Cell Hyaluronic Acid and Hydrogels Graft Technique for Tissue Engineering

There are various experimental methods used in attempts to create potentially implantable or transplantable tissues external to the potential recipient. These bioengineering methodologies are potentially more effective than a totally in vivo approach.

Reconstructive surgery for tissue grafting requires a donor site for harvest. A new concept in obtaining donor tissue involves that of in vitro tissue engineering via a scaffold matrix. Tissue engineering scaffolds serve as a surrogate to a natural extra cellular matrix by providing native functions, creating space for new tissue development, delivering cells to site, and directing size and shape of the new tissue. Ideally, a scaffold should have the following characteristics: three-dimensional and highly porous with an interconnected pore network for cell growth and flow transport of nutrients and metabolic waste; biocompatible and bioresorbable with a controllable degradation and resorption rate to match cell/tissue growth in vitro and/or in vivo; suitable surface chemistry for cell attachment, proliferation, and differentiation; mechanical properties to match those of the tissues at the site of implantation. Two such methods which involve in vitro tissue engineering is the cell hyaluronic acid graft technique and hydrogels.

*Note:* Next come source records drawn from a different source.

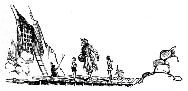 "That's the spirit!" exclaimed the little clown, smiling again. "Just join hands and walk straight toward me."
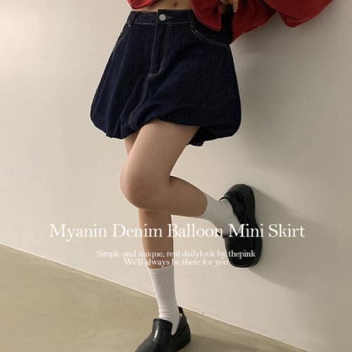 더핑크 / 먀닌 논페이드 생지 데님 벌룬 미니 스커트
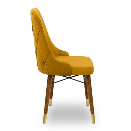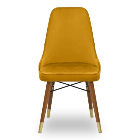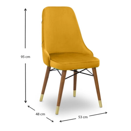Καρέκλα τραπεζαρίας Venus Megapap από βελούδο χρώμα μουσταρδί – καρυδί/χρυσό πόδι 53x48x95εκ.
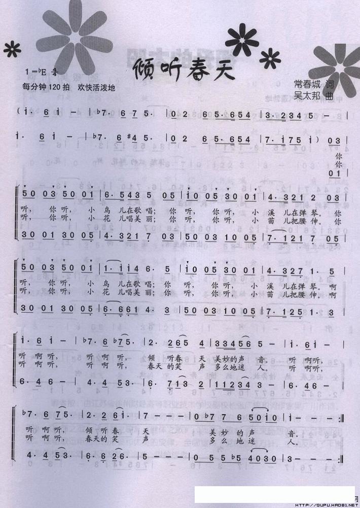 倾听春天(常春城词 吴太邦曲、合唱)的简谱歌词
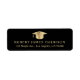 Elegant svart examens returadressetikett med en guld examensmössa och examenens namn och adress i modern guldtypografi.
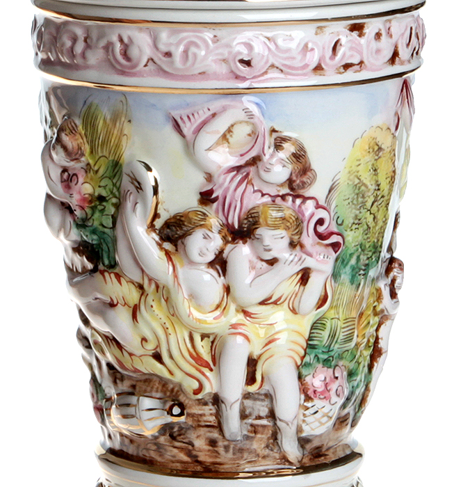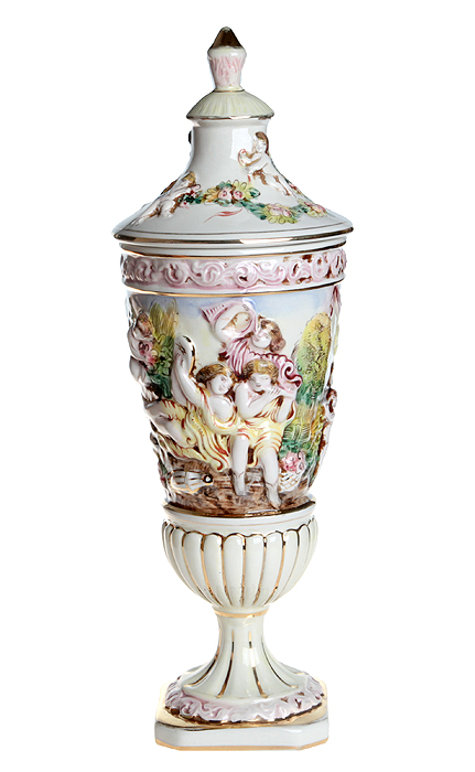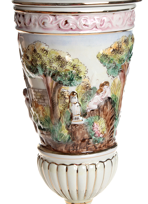 Удивительно характерная ваза с крышкой знаменитой неополитанской фабрики фарфора Capodimonte!
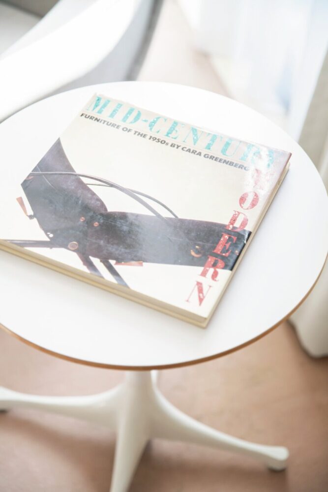 1954年にジョージ・ネルソンがデザインしたネルソンペデスタルテーブル。脚のグライズが初期型のデザインとなったヴィンテージ。テーブルに置かれた1988年発行のミッドセンチュリーモダンは、この時代の家具が再評価されるきっかけになった。
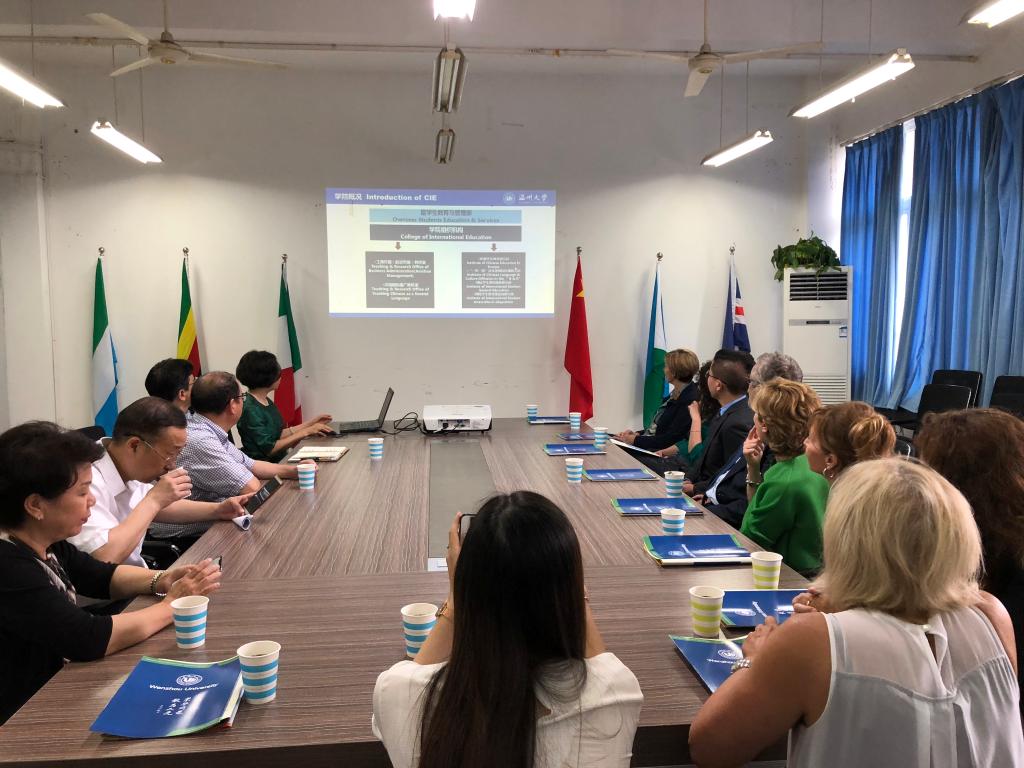15vip太阳集团官网院长兼书记叶苗教授首先对意大利访问团来访表示热烈欢迎,简要介绍了15vip太阳集团官网的国际学生教育和15vip太阳集团官网的基本情况。叶院长就太阳官网开设的课程、长短期项目、学生活动、奖学金等总体情况进行了详细介绍。她指出,温大历年来都将华文教育作为联结海外侨胞、展示中华文化、彰显温州国际形象的重要纽带。近年来,温州以瓯越文化为根基,将“请进来”与“走出去”相结合,在华文教师海外培训、华裔青少年夏令营活动等方面都取得了显著成效。
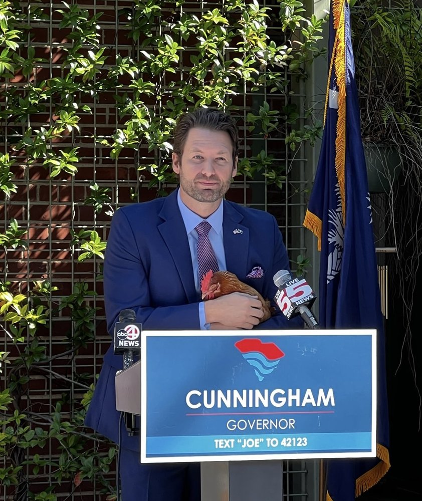 Joe Cunningham Calls Out Governor for “Ducking Debates” While Holding a Chicken He Named “Henrietta McMaster”
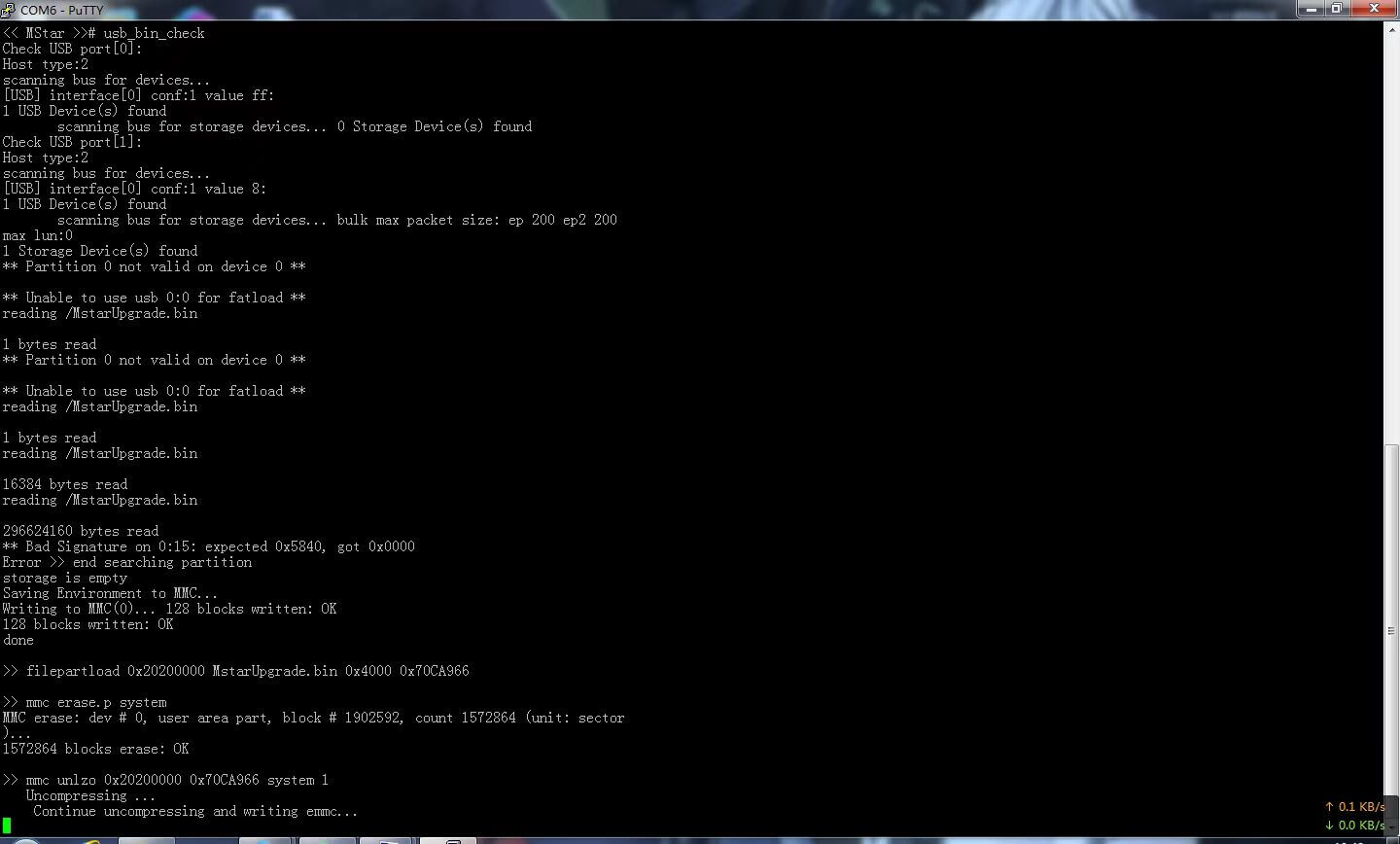 之后我们输入usb_bin_check回车后就会开始刷机(第一次我输入提示好像是警告意思,在输入一次就会正式刷机了)如下图
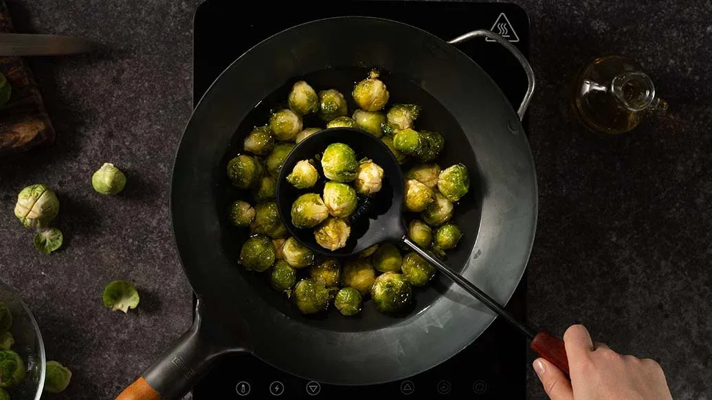 Aqueça o óleo num wok grande. Assim que as folhas de couve-de-bruxelas borbulharem imediatamente ao entrar em contacto com o óleo, este está suficientemente quente (aproximadamente 175 °C). Frite as couves-de-bruxelas em duas porções durante cerca de 4 minutos cada, até ficarem crocantes por fora e macias por dentro. Retire do wok e escorra bem.
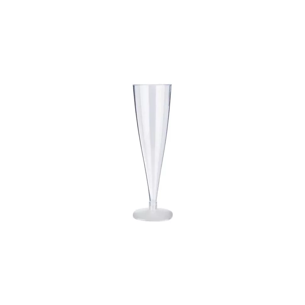 Formája keskeny és elegáns, kifejezetten pezsgőhöz készült. Anyaga könnyű műanyag, ezért egyszerűen kezelhető. Törésálló kialakítása miatt biztonságosabb, mint az üveg. Általában átlátszó, így jól látható benne az ital. Kis súlya miatt könnyen szállítható nagy mennyiségben is. Rendezvényeken, esküvőkön és céges eseményeken gyakran használják. Űrtartalma 10 cl, ami ideális pezsgőkóstoláshoz vagy kisebb adagokhoz.
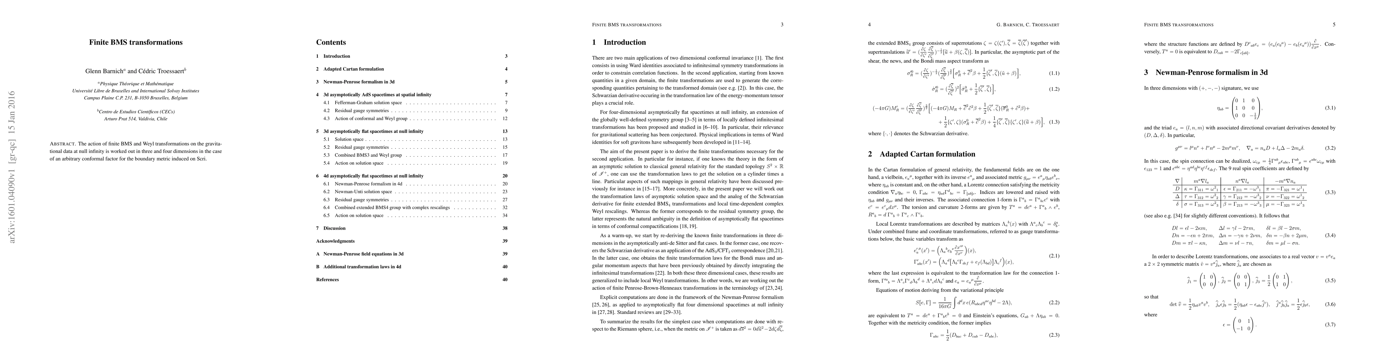 The action of finite BMS and Weyl transformations on the gravitational data at null infinity is worked out in three and four dimensions in the case of an arbitrary conformal factor for the boundary metric induced on Scri.

Hyaluronic acid is a naturally occurring non-sulphated glycosaminoglycan consisting of a linear sequence of D-glucuronic acid and N-acetyl-D-glucosamine. It can be found in connective tissue, the synovial fluid of joints, and the vitreous humor of the eye. Hyaluronic acid can be used as a scaffold to support keratinocyte and fibroblast growth. In order to accomplish this, a three dimensional scaffold consisting of the benzyl ester of hyaluronan must be used. The membrane is completely resorbed in the wound area within four weeks and neovascularization and reiinervation are almost complete in six weeks.

Hydrogels are highly hydrated materials which retain cells by physical or chemical crosslinks between chains. A major advantage of hydrogels is their ability to be delivered in a minimally invasive fashion for instance through injection. This can be accomplished through a variety of mechanisms including ionic (alginate and chitosan) or covalent (fibrin glue) crosslinking agents, photoinitiation of gel formation, and by phase transitions due to changes in pH (collagen) or temperature. One disadvantage of hydrogels is that they have a tendency to shrink after being grafted to the recipient site. Some gels such as fibrin glue show less shrinkage than others.

A major advantage to in vitro tissue engineering is that only a small amount of cells are needed and a large amount of cells can be produced. This means less patient morbidity because a smaller incision is made in order to harvest enough cells for culture. Also, if larger grafts are needed, the surgeon is not hindered by a lack of tissue. Previously instruments called tissue expanders were placed at the donor site to lengthen tissue prior to grafts. This procedure not only was time consuming, but patient acceptance and comfort was compromised. As a result of tissue engineering, more tissue can be fabricated with less donor cells thus improving morbidity and patient acceptance.